40%, @angels_portion, angelsportion, kentucky bourbon, lucifer, lutheran, pond, review, rotting animals, scotch, ten high, thoma, Whiskey, whisky, zombie
There’s a game that we play on occasion at the dinner table. It involves one person starting a sentence by choosing a word, and then each subsequent person around the table adds another word until a sentence is formed. Each sentence is only brought to an end when someone offering a word announces a concluding form of punctuation. We carry on with this, going around the table several times until a story emerges.
To illustrate, here’s what the Thoma family came up with tonight—one word at a time:
It was a dark and stormy pond. The mom went bananas. Five dogs came and ate her whistle. The dad didn’t scoop her slime with eggs or bacon. Joshua smells flowers that were pink, ravenous, and floating with ghosts and zombies’ feet. Zombies like Hallmark weirdos that sparkle in the ocean. Possessed dolls exist in nurseries and bowls of Jell-O that jiggle. Mom colored a gruesomely terrific death. She went to Paris as the queen of meatballs.
Does this story remind you of anything?
Ten High Whiskey, you say?
Indeed. And yet, how so?
Well, besides the fact that it is, just like the story, a jumbled mess, there are other particulars that warn of a gruesomely terrific death if you venture to consume it.

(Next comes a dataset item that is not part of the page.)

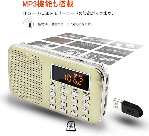【小さい・軽い】小型で、使いやすい超薄型、小さい体で大音量、持ち運び便利な充電式 AM FMラジオです。家/公園/畑仕事どこても適用で、もっと遠い郊外、キャンプ、登山、海に作業の人に天候・ニュースを聴くのにも適用です。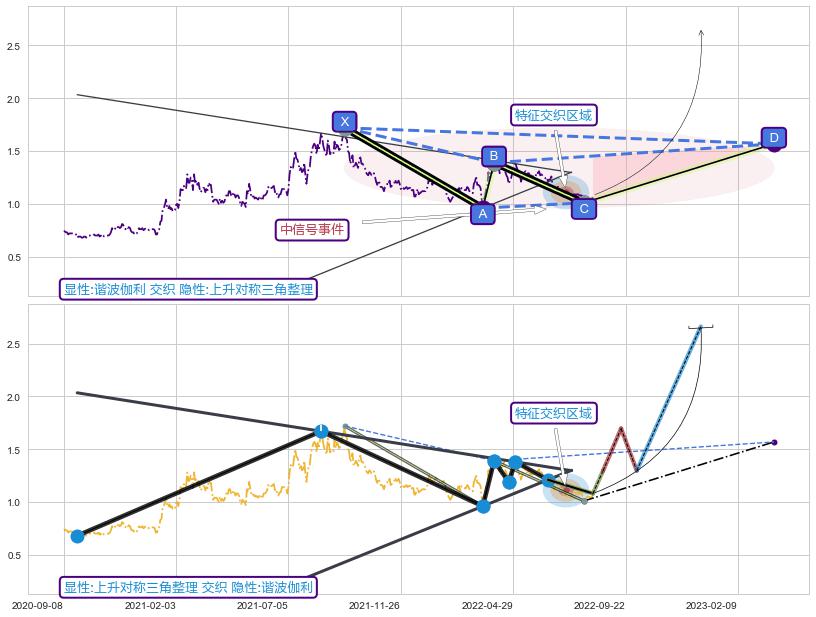 ➢ 谐波伽利属【中级别信号事件】上升对称三角整理属【长级别信号事件】中长周期组合信号事件,中长事件长度比52.86%

First, you should know that the nose and palate are as one. This whiskey appears to have been squeegeed from rotting animal carcasses that had previously been marinating in a “dark and stormy pond.” A swirl in the Glencairn reveals the putrid smell of the gelatinous slime that forms at the edges of the bygone animals’ wounds, and a swig confirms the sour extract. It is something that dad would never try to scoop up—and I’d encourage you to emulate such reservation.
Second, you must beware of too generous a sip. The finish is the salty leather from a sunbaked zombie’s feet. And this zombie had a bad case of athlete’s foot before he died.
The image of demon possessed dolls sitting in bowls of Jell-O amidst the hapless kiddos in the nursery has nothing on this nightmarish whiskey adulteration. In fact, my money is on the kids facing off with Lucifer. They have a better chance at survival than the cheapskate who decided to throw down six and a half dollars for a fifth of this detritus.
This whiskey is about to make sure he’s the next one soaking in the pond.